2.11. Luciferase reporter assay

The 3′untranslated region (3′‐UTR) sequences containing the predicted wild‐type (WT) target gene and a mutant (MUT) variant were amplified by PCR and inserted into the pmirGLO Dual‐Luciferase miRNA target expression vector. 293T cells were seeded into 12‐well plates and cotransfected with 500 ng of plasmids, 25 pmol of miR‐193a‐3p mimics or miR‐193b‐3p or mimics NC using Lipofectamine 2000. After transfection for 48 hours, the cells were collected and luciferase activities were detected by Dual‐Luciferase® Reporter Assay System (Promega, Madison, Wisconsin) according to the manufacturer's instructions.

2.12. Statistical analysis

All experimental data are expressed as mean ± SD. One‐way ANOVA was performed to analyse data among multiple groups using GraphPad Prism 5 (GraphPad Software Inc, La Jolla, CA). A P value of less than 0.05 was considered statistically significant.

3. RESULTS

3.1. Expression of miR‐193a/b‐3p in liver tissues of mice after exposure to ConA

Firstly, the altered expression of miR‐193a/b‐3p in liver tissues of ConA‐treated mice was assessed by RT‐PCR. As shown in Figure 1, there was a gradual decline in the expressions of miR‐193a‐3p (A) and miR‐193b‐3p (B) in liver tissues with the action time of ConA extending. So miR‐193a/b‐3p might participate in ConA‐induced liver fibrosis in mice.
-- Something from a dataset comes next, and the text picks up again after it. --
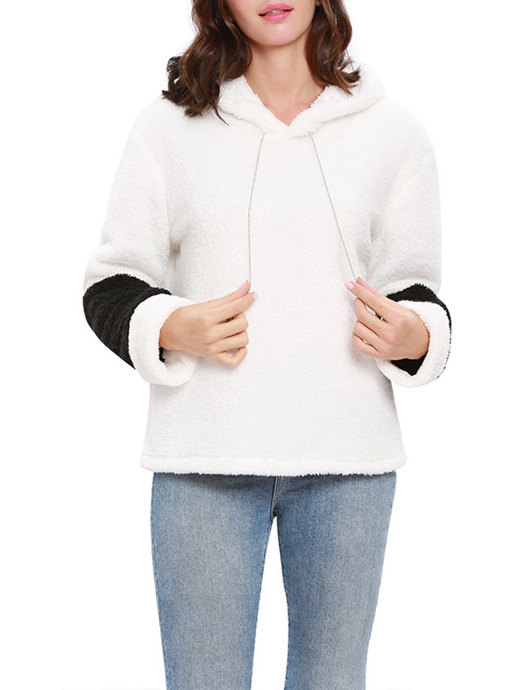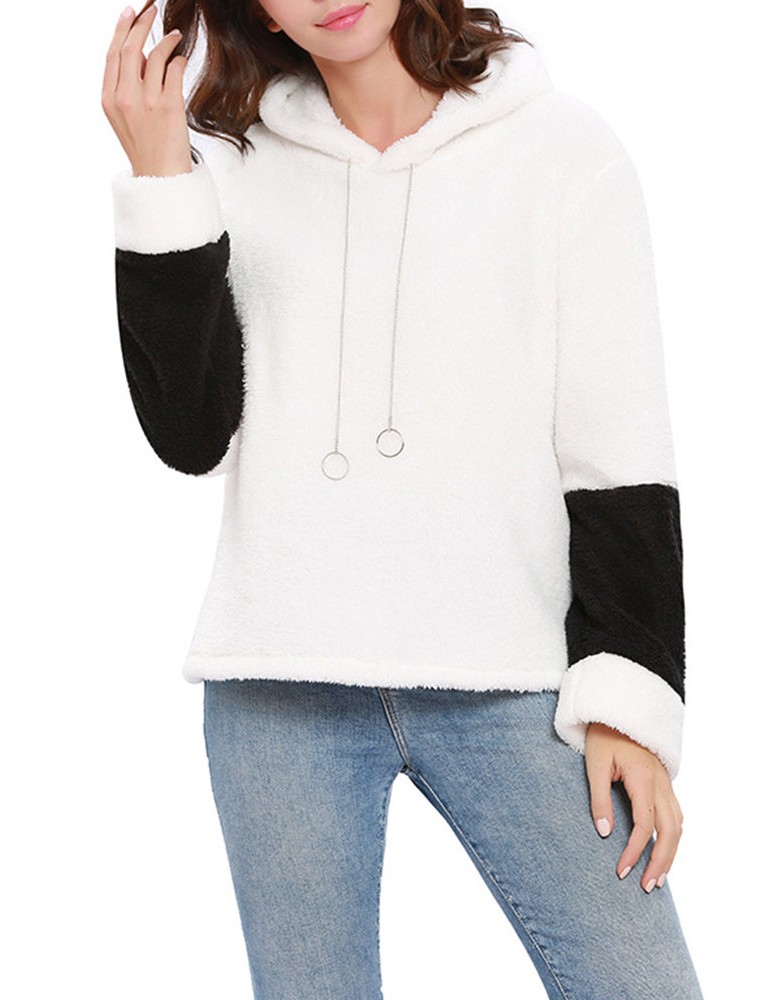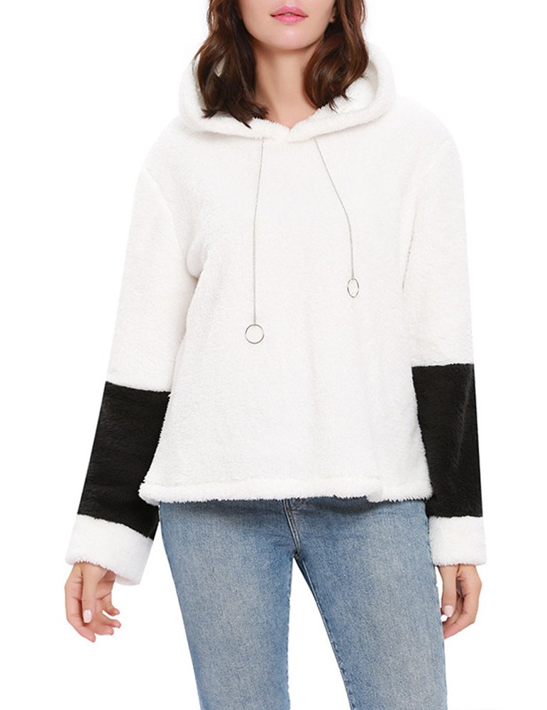 Fleece Patchwork Two Tone Hooded Sweatshirt

Expression of miR‐193a/b‐3p in liver tissues of mice after exposure to Concanavalin A (ConA). The expressions of miR‐193a‐3p (A) and miR‐193b‐3p (B) in liver tissues were detected by RT‐PCR at the indicated time‐points after treatment with ConA. All data were expressed as mean ± SD (n = 4). *P < 0.05, **P < 0.01, ***P < 0.001 vs the control group

3.2. Overexpression of miR‐193a/b‐3p attenuated ConA‐induced liver injury

To enhance the expression of miR‐193a/b‐3p in liver tissues, the mice were injected with lentiviral particles containing miR‐193a/b‐3p. As presented in Figure 2A and B, ConA‐induced decreased expression of miR‐193a/b‐3p in liver tissues was significantly up‐regulated after infection of lentivirus. In kidney and heart tissues, the expression of miR‐193a/b‐3p was declined slightly after exposure to ConA, but the difference was not statistically significant (Figure S1). Lentivirus‐mediated overexpression of miR‐193a/b‐3p in kidney and heart tissues was also confirmed. Moreover, the serum levels of ALT and AST were increased by about 9.2 and 4.0 folds, respectively, after exposure to ConA for 6 weeks. Whereas, overexpression of miR‐193a/b‐3p could effectively reduce the ALT and AST levels (Figure 2C & D), suggesting that ConA‐induced liver injury was alleviated by enhancing miR‐193a/b‐3p expression.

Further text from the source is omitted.